> [Aim of the exercise]:
From the listing below, copy only the lines from the line that contains "等5点多天亮了我们到了南昌,9点多去的法" to the line that contains "NĒ Noslēgts, ūdensnecaurlaidīgs", counting those two lines as part of the copy.

> [Data listing]:
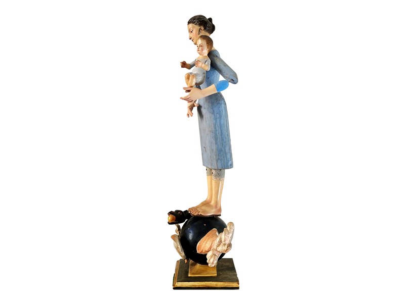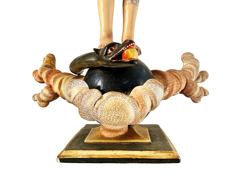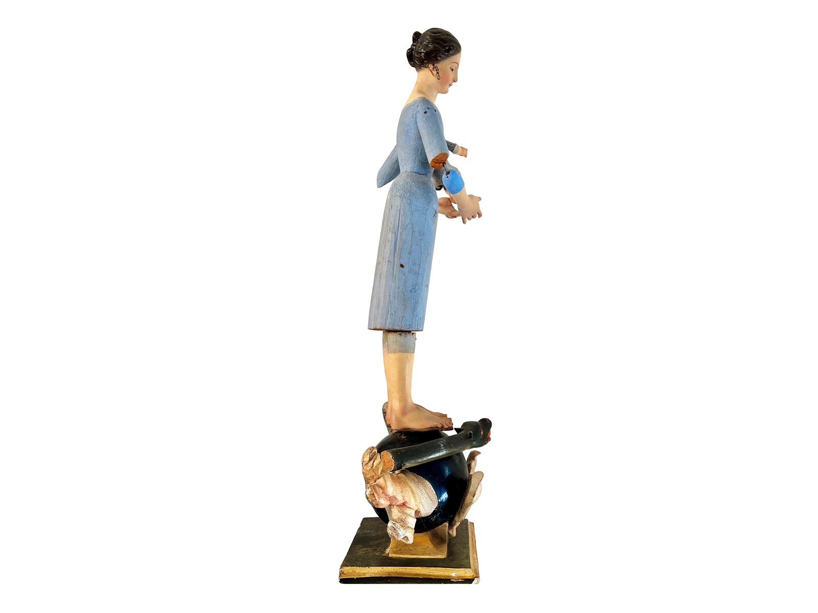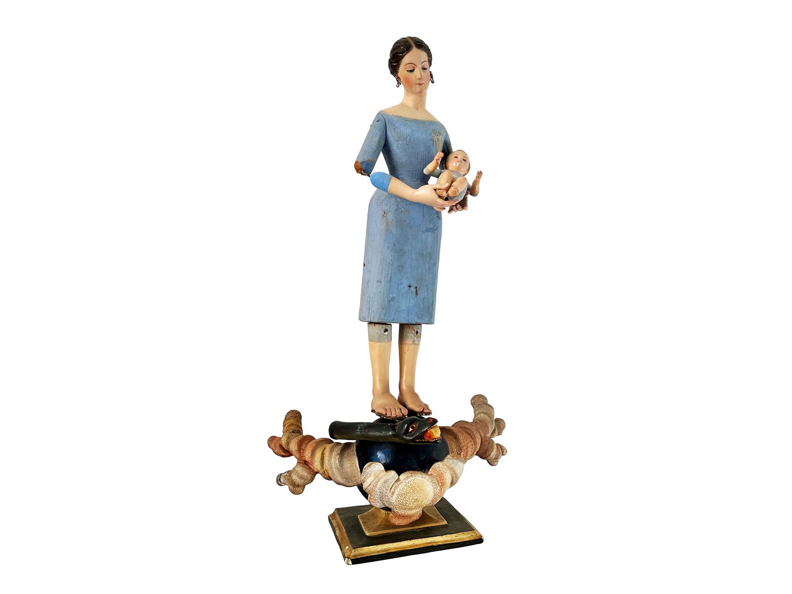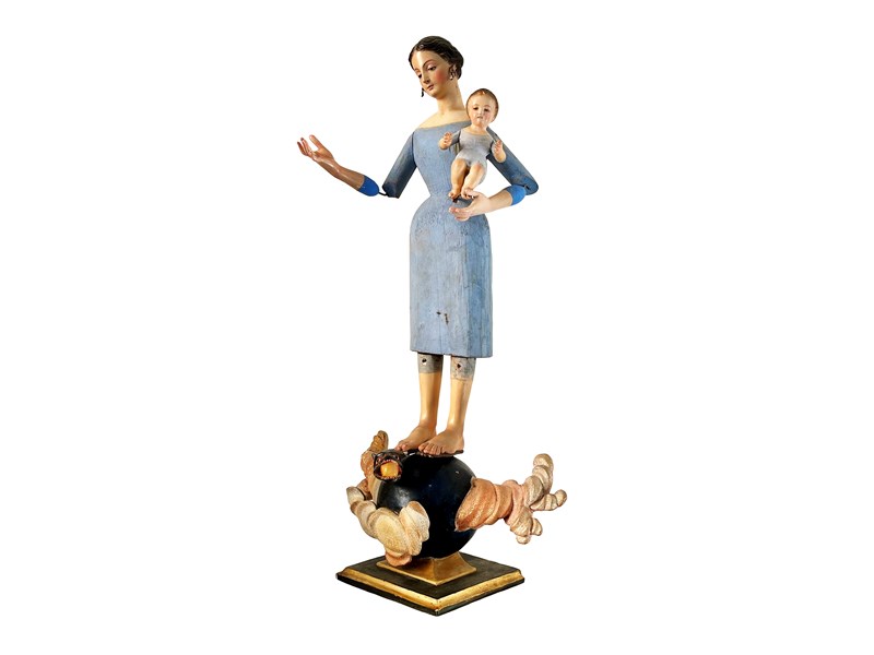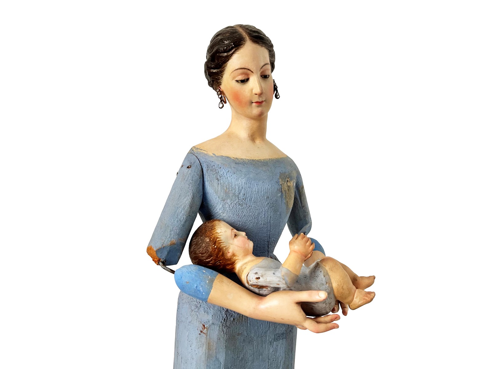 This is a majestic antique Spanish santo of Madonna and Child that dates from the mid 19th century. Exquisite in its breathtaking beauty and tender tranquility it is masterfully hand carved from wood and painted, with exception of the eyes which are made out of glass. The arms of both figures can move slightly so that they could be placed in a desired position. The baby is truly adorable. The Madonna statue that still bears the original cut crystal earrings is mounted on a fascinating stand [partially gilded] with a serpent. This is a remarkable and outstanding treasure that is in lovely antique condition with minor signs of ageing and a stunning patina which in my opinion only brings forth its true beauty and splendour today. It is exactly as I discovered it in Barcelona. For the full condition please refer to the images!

---

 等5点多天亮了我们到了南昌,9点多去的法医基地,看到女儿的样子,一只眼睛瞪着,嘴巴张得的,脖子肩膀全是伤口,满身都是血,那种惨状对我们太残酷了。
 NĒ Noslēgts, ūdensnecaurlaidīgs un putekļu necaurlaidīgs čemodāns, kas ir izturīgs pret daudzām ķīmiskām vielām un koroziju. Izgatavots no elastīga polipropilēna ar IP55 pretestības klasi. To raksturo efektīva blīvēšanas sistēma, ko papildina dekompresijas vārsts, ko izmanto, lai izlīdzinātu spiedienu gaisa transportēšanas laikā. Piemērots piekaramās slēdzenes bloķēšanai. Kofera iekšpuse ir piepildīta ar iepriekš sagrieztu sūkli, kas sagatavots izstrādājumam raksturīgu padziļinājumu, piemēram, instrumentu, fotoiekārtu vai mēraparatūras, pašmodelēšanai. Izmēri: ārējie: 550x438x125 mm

> [Solution for this problem]:
 等5点多天亮了我们到了南昌,9点多去的法医基地,看到女儿的样子,一只眼睛瞪着,嘴巴张得的,脖子肩膀全是伤口,满身都是血,那种惨状对我们太残酷了。
 NĒ Noslēgts, ūdensnecaurlaidīgs un putekļu necaurlaidīgs čemodāns, kas ir izturīgs pret daudzām ķīmiskām vielām un koroziju. Izgatavots no elastīga polipropilēna ar IP55 pretestības klasi. To raksturo efektīva blīvēšanas sistēma, ko papildina dekompresijas vārsts, ko izmanto, lai izlīdzinātu spiedienu gaisa transportēšanas laikā. Piemērots piekaramās slēdzenes bloķēšanai. Kofera iekšpuse ir piepildīta ar iepriekš sagrieztu sūkli, kas sagatavots izstrādājumam raksturīgu padziļinājumu, piemēram, instrumentu, fotoiekārtu vai mēraparatūras, pašmodelēšanai. Izmēri: ārējie: 550x438x125 mm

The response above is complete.